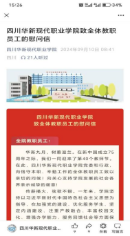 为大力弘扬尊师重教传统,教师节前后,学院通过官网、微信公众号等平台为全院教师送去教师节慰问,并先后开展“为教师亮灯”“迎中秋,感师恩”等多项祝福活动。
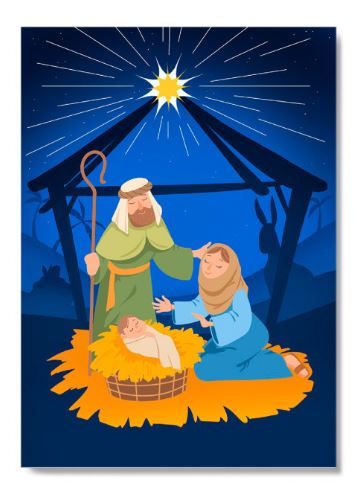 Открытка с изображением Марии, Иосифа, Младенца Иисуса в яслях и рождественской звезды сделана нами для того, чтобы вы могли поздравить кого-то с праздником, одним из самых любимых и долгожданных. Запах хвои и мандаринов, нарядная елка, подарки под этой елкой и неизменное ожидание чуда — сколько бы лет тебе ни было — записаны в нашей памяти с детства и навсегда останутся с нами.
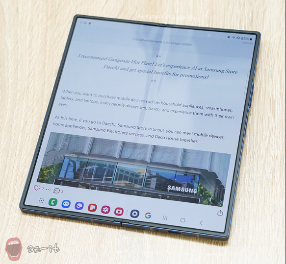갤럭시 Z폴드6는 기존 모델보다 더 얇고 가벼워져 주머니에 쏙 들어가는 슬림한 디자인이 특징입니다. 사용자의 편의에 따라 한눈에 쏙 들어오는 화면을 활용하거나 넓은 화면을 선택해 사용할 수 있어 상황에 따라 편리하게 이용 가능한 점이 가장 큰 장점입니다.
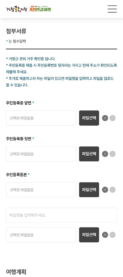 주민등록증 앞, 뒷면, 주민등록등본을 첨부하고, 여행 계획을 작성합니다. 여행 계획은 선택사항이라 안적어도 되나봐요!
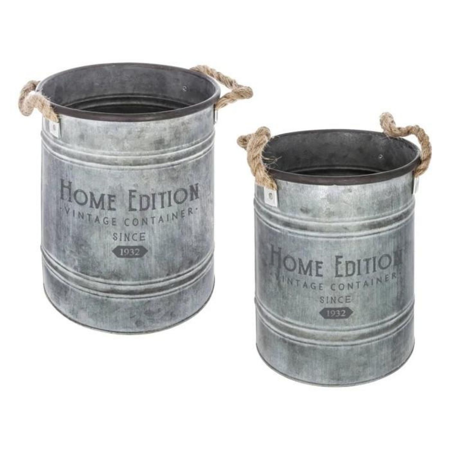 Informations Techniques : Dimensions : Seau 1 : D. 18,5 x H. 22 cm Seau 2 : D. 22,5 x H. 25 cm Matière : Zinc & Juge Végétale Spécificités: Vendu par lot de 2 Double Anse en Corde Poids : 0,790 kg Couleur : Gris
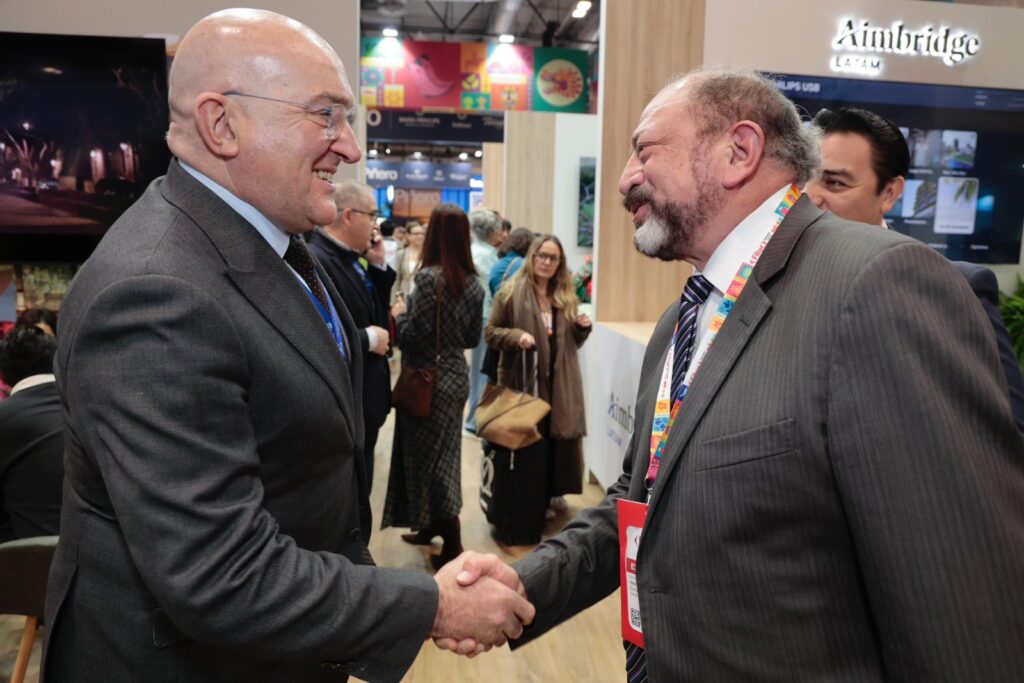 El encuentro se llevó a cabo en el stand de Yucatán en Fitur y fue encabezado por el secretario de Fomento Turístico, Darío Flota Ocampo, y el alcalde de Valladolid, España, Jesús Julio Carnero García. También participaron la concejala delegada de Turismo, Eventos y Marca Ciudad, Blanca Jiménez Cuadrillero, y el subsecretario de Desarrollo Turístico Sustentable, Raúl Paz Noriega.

★ ★ ★ ★ ★

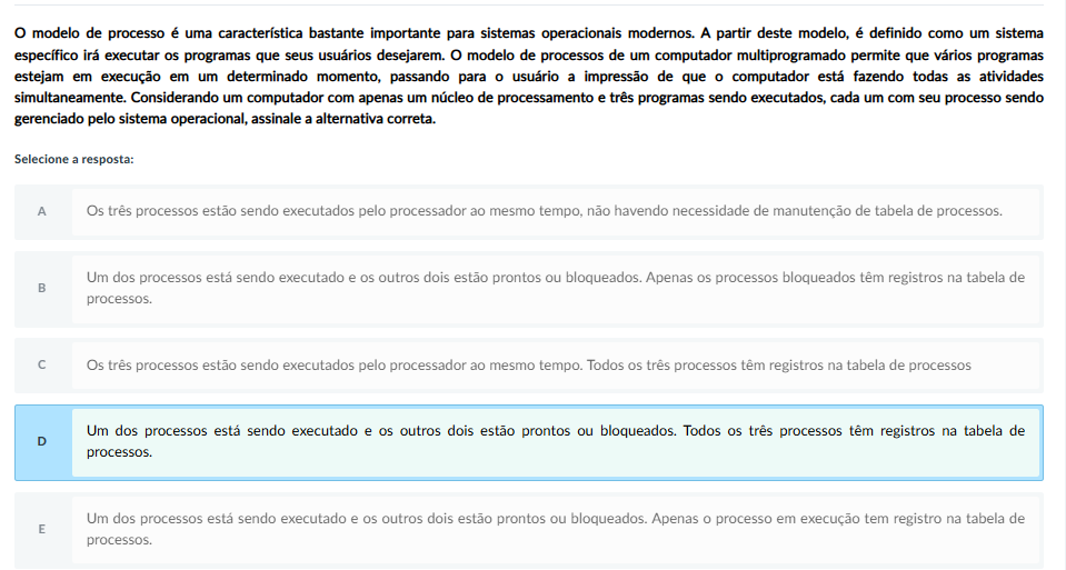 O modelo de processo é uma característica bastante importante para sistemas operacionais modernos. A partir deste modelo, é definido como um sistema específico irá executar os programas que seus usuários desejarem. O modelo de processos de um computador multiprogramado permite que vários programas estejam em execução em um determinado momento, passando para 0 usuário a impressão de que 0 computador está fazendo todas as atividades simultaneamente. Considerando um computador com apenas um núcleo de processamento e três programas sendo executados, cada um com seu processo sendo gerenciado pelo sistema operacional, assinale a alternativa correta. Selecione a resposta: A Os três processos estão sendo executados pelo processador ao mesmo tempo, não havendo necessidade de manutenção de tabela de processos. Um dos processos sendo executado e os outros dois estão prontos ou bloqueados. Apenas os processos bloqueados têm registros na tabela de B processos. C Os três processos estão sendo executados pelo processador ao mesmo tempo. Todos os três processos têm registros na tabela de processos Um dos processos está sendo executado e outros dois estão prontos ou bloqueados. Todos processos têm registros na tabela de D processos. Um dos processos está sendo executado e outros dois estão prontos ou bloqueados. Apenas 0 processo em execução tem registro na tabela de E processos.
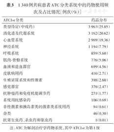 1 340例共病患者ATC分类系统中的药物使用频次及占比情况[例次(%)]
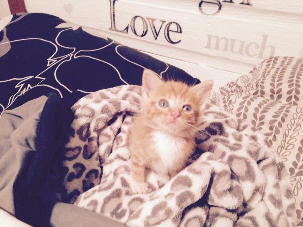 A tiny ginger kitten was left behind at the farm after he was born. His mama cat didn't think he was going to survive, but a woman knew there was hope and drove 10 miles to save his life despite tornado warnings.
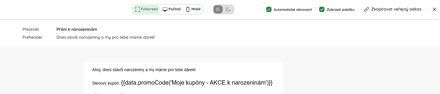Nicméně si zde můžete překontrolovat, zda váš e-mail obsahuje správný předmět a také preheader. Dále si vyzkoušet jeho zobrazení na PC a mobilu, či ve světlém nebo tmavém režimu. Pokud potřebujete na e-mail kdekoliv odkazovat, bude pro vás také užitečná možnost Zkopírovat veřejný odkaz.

★ ★ ★ ★ ★

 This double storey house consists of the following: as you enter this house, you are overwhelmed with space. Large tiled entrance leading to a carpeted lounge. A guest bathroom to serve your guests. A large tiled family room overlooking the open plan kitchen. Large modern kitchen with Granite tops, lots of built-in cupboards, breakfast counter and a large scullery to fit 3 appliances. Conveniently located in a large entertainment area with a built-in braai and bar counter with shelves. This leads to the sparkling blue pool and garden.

★ ★ ★ ★ ★

» **YOUR GOAL**: Starting at the line above that holds "Informations Techniques : Dimensions", repeat every line exactly down to and including the line that holds "El encuentro se", then stop. Do not carry over any pictures.

» **FINAL ANSWER**:
 Informations Techniques : Dimensions : Seau 1 : D. 18,5 x H. 22 cm Seau 2 : D. 22,5 x H. 25 cm Matière : Zinc & Juge Végétale Spécificités: Vendu par lot de 2 Double Anse en Corde Poids : 0,790 kg Couleur : Gris
 El encuentro se llevó a cabo en el stand de Yucatán en Fitur y fue encabezado por el secretario de Fomento Turístico, Darío Flota Ocampo, y el alcalde de Valladolid, España, Jesús Julio Carnero García. También participaron la concejala delegada de Turismo, Eventos y Marca Ciudad, Blanca Jiménez Cuadrillero, y el subsecretario de Desarrollo Turístico Sustentable, Raúl Paz Noriega.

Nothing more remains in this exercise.